In dentistry, there is considerable epistemic uncertainty surrounding temporomandibular disorders (TMDs), especially the myofascial pain subtype. The hypothesis that dysfunctional sleep breathing may elicit temporomandibular joint (TMJ) pain will be examined as an alternative to traditional mechanical explanations, which focus on occlusion, malocclusion, and bruxism.
A previous article introduced the concept of sleep prosthodontics to differentiate it from sleep dentistry.1 Sleep prosthodontics is the study of the airway and its impact on the stomatognathic system, which encompasses the mouth, jaws, and the closely related structures of the oropharynx and fauces. Dentists become familiar with this system during its development, and assist in its maintenance throughout a patient’s life. This article will address the connection between sleep fragmentation and airway maintenance and the signs and symptoms of TMDs.
Prevalence and Symptoms
TMDs are a varied group of conditions that may affect the TMJ, the masticatory muscles, or both, and are the leading cause of nondental pain in the orofacial region. A classic presentation includes muscle or joint pain, joint sounds, and restricted or altered motion.2
In an attempt to create a standard for comparing findings from different TMD studies, the Research Diagnostic Criteria for Temporomandibular Disorders was established in 1992.3 Patients with known TMD are grouped by diagnostic criteria: muscle disorders (myofascial pain and myofascial pain with limited opening), disc displacements (with reduction, without reduction with limited opening, and without reduction without limited opening), or arthralgia/osteoarthritis/osteoarthrosis.2 In a systematic review, the prevalence of each group in TMD patients was as follows: myofascial pain, 45.3%; disc displacements, 41.1%; and arthralgia/osteoarthritis/osteoarthrosis, 30.1%.2 The most common of the subgroups was myofascial pain without limited opening and with more than three sites of pain on palpation.

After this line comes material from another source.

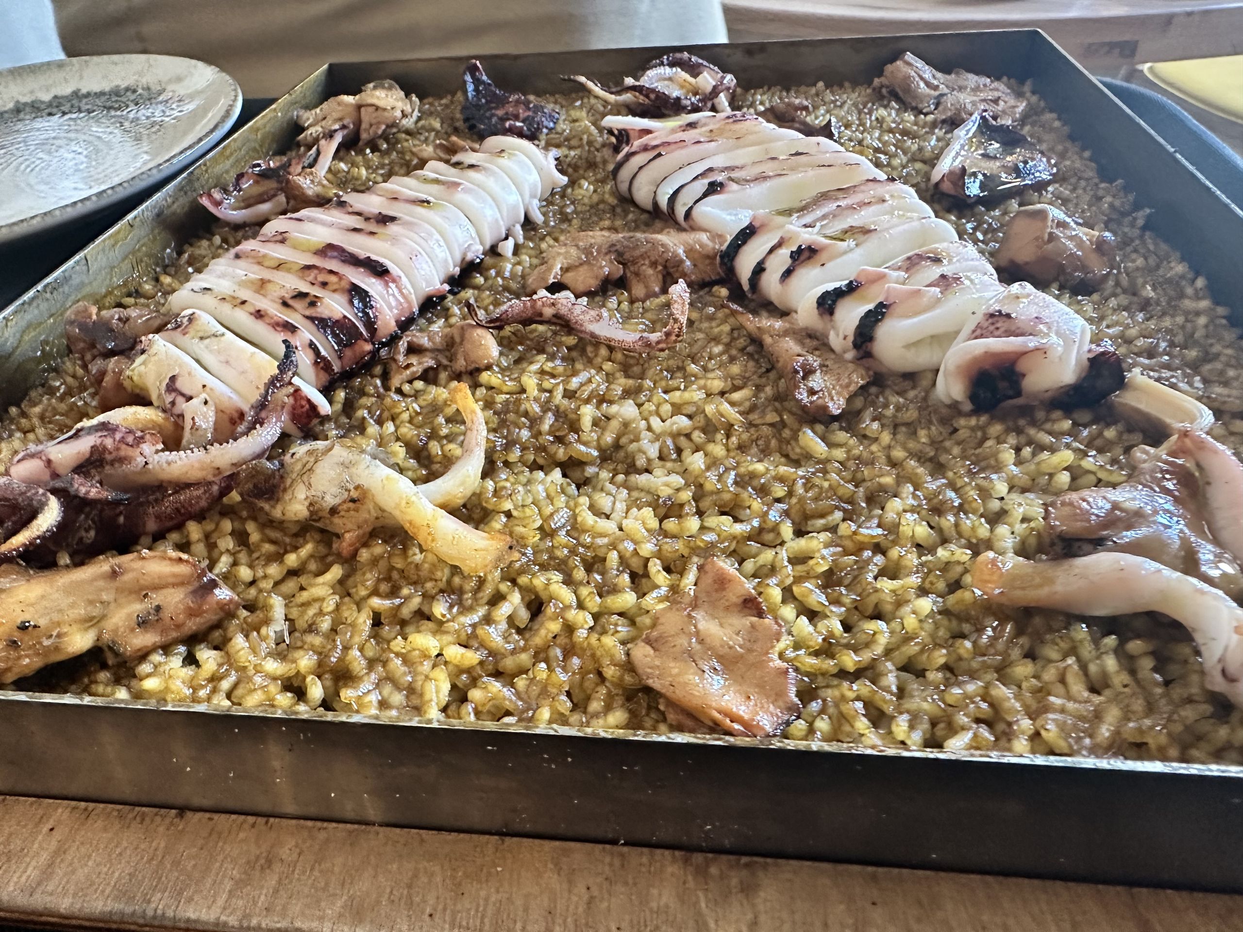 Espectacular de sabor el arroz de montaña, manos de cerdo, conejo, morcilla y setas.

As expected, prevalence of TMD was found to be lower in the general population, with 10.5% having myofascial pain subtype of TMD (M-TMD).2 Other studies have showed that the risk for TMDs is significantly elevated among women, especially black women.4 This article’s focus is limited to M-TMD, given that it is a common subtype of myofascial pain seen in patients presenting to restorative practices.

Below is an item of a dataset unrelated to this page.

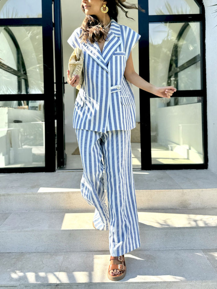 Designed with comfort and elegance in mind, the tailored silhouette and pinstripe stripes make them a versatile choice for both casual and semi-formal looks.
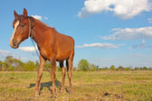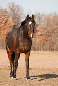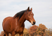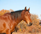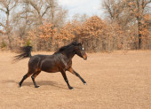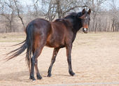 piękny czerwony zatoce koni arabskich w zimowych suche pastwiska

M-TMD is characterized by a dull, aching pain that worsens with palpation and function. Physical examination reveals hypersensitive regions or “trigger points” of taut skeletal muscle fiber. Cairns5 identified patients with M-TMD who complained of pain as exhibiting a localized hyperexcitability of the central nervous system when challenged with painful stimuli. The population seeking treatment for M-TMD comprises mostly women (3.8:1 ratio of women to men).6 The age of those diagnosed with M-TMD has been shown to range from 25 to 40 years, with prevalence decreasing with advancing age.7 This subtype of TMD has been shown to have variable pain intensity, as well as self-limiting and vacillating characteristics, making it difficult to create a framework for the natural progression of the disorder.8
A study was conducted by van Selms and colleagues9 to determine whether predictive factors for M-TMD pain could be identified over time. Patients were assessed before TMD treatment was initiated and were followed up for 12 months after resolution of pain symptoms. The pain complaints of patients with low baseline somatization scores continued to diminish over the 12-month period. Those with higher somatization scores at baseline had a measured relapse of complaints. It appears that somatization plays a role in the etiology and recurrence of M-TMD. This is interesting, given that many patients with TMD have functional somatic syndromes such as fibromyalgia, irritable bowel syndrome, and interstitial cystitis. These conditions are more associated with a generalized central nervous system hyperexcitability.10
Etiologic Theories for Myofascial Pain
The mechanical explanations for myofascial pain that predominate the dental literature including occlusion, malocclusion, and bruxism. A prevailing etiologic theory is the connection between occlusion and TMD. The concept is that if the teeth are not in harmony with a centered condylar position in the fossa and/or if the guidance in function to a maximum intercuspal position has interferences, the muscle of mastication must reposition the mandible to allow proper function. This constant effort will create muscle dysfunction and M-TMD. Treatment options include occlusal adjustment, orthodontics, and orthognathic surgery.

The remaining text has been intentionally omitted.